Thank you Orlando Weekly!


Thank you to Jeff Gore of the Orlando Weekly for publishing this wonderful article about the toxic tours offered by the Farmworker Association of Florida!

Toxic avengers
Learn about one of Central Florida's most polluted bodies of water on a Toxic Tour of the Lake Apopka area
by Jeff Gore
Published September 29, 2011 in the Orlando Weekly



It used to be that Lake Apopka wasn’t an oddity, but rather, a trophy. The lake, the third-largest in Florida, was considered a world-class fishing destination before the World War II. But as Central Florida’s population grew, so did the abuses the lake endured. Beginning in the 1940s, nutrient-rich wetlands on the lake’s north shore were utilized for agriculture (such operations eventually encompassed 20,000 acres); in the ensuing decades, the lake would become a repository for chemical runoff not only from farms but nearby citrus-processing plants as well. By the 1980s, Lake Apopka was considered the state’s most polluted large lake.

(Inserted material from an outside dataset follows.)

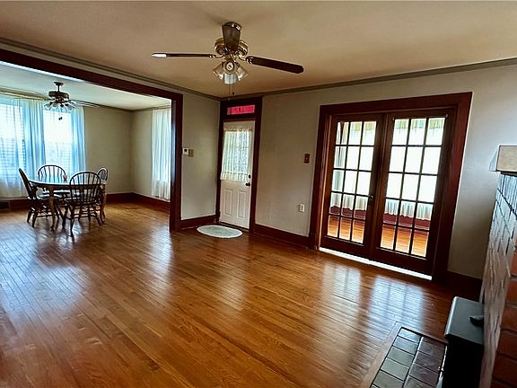 Charming 3 Bedroom 2 Bath Ranch Home in the Heart of Harrison Township! Upon entry you are introduced to beautifully re-finished hardwood flooring covering a Spacious & Bright Living Room with decorative Brick Fireplace and twin windows on each side, charming French Doors lead to the Den/SunRoom flanked with walls of windows allowing a room full of Sunlight & A Large Formal Dining Room with a Built In Country Cupboard! The Eat In equipped kitchen has plenty of space and has a little bonus mudroom leading to side door and lower level! Also on the main level you will find the Primary Bedroom along with 2 Additional Bedrooms and Full Hall Bath w/a Beautiful Built in wood Hall Linen closet with drawers and doors! The Lower Level houses a huge Family Room with Pool Table and Game Room space, 2nd Full Bath, Laundry space & 2 storage rooms! The 1 car detached garage has a bonus 2nd floor workshop! A Fenced level yard & Covered Front Porch complete this lovely home! Newer A/C,HVAC,HW + More!

But it’s not just the environmental aspect of this tragedy that motivates Jeannie Economos, the wild-haired environmental health project coordinator of the Farmworker Association of Florida, to offer her singular “Toxic Tour” of the Lake Apopka area. It’s also the serious – and somewhat mysterious – health problems of many former farmworkers who worked for decades on Lake Apopka’s so-called muck farms. This is the third year of the Toxic Tour, and judging by the almost jittery level of energy emanating from the 58-year-old Economos, we imagine it’ll be around for many more.